A smart, safe, and beautiful CLI application for organizing your Downloads folder using AI-powered categorization and a "plan-then-apply" workflow.

FeaturesInstallationQuick StartDocumentation

📚 Full Documentation: See docs/ for detailed guides, architecture, and API reference


📋 Table of Contents


🌟 Overview

Tidy AI is a localhost web application designed specifically for macOS users who want to automatically organize their cluttered Downloads folder.
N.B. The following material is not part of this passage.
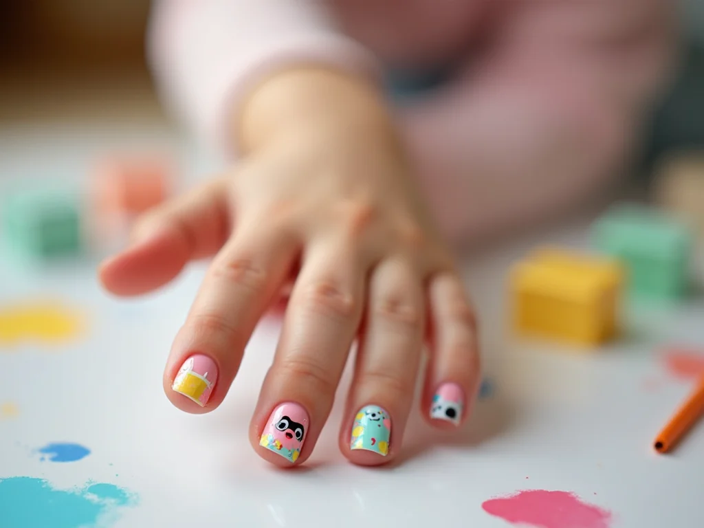 Personagens animados: diversão e cor nas ideias de nail art para crianças.

Unlike traditional file organizers that immediately move files, this application follows a safe "plan-then-apply" workflow that lets you review all changes before they happen.

Why This Project?

  • 📁 No more cluttered Downloads: Automatically organize thousands of files in seconds
  • 🛡️ Safety first: Review every operation before files are moved
  • 🤖 AI-powered: Uses local Ollama models to categorize unknown file types
  • 📊 Smart organization: Groups files by date and category for easy retrieval
  • 🔍 Duplicate detection: Find and manage duplicate files
  • 🌐 Privacy-focused: Runs entirely on localhost, no cloud services required

✨ Features

Core Features

  • 🔒 Safe by Default: Generates a detailed plan before moving any files
  • 🤖 AI-Powered Categorization: Uses Ollama for intelligent file classification
  • 📊 Smart Organization: Organizes files by YYYY/MM - Category structure
  • 🔍 Duplicate Detection: Identifies duplicates using SHA256 hash + file size
  • 📂 Recursive Scanning: Finds all files in folders and subfolders
  • 🚫 Never Deletes: Only moves files, never removes them
  • 📝 Complete Logging: Tracks all operations with detailed logs
  • 💾 Export Plans: Download operation plans as JSON or CSV

Memory & Persistence Features ⭐ NEW

  • 🧠 Dedicated Memory: SQLite database stores conversations, messages, and user profiles
  • 💬 Conversation History: All interactions persist across restarts and upgrades
  • 👤 User Profiles: Learns facts and preferences over time
  • 📊 Memory Stats: Track total conversations, messages, and database size
  • 🔄 Survives Upgrades: Data stored outside npm package, never lost
  • 🗂️ Local-First: Everything stored on your machine, no cloud required

UI Features

  • 🎨 Modern Dashboard: Beautiful, responsive interface built with shadcn/ui
  • 🔎 Search & Filter: Quickly find files by name or category
  • 📋 Preview Operations: See exactly what will happen before applying
  • ⚠️ Confirmation Dialogs: Extra safety layer before moving files
  • 📊 Summary Statistics: View file counts by category at a glance
  • 🎯 Category Badges: Visual indicators for file types

🚀 Installation

Prerequisites

  • Node.js: Version 18 or higher (Download)
  • Ollama (Optional): For AI-powered categorization (Download)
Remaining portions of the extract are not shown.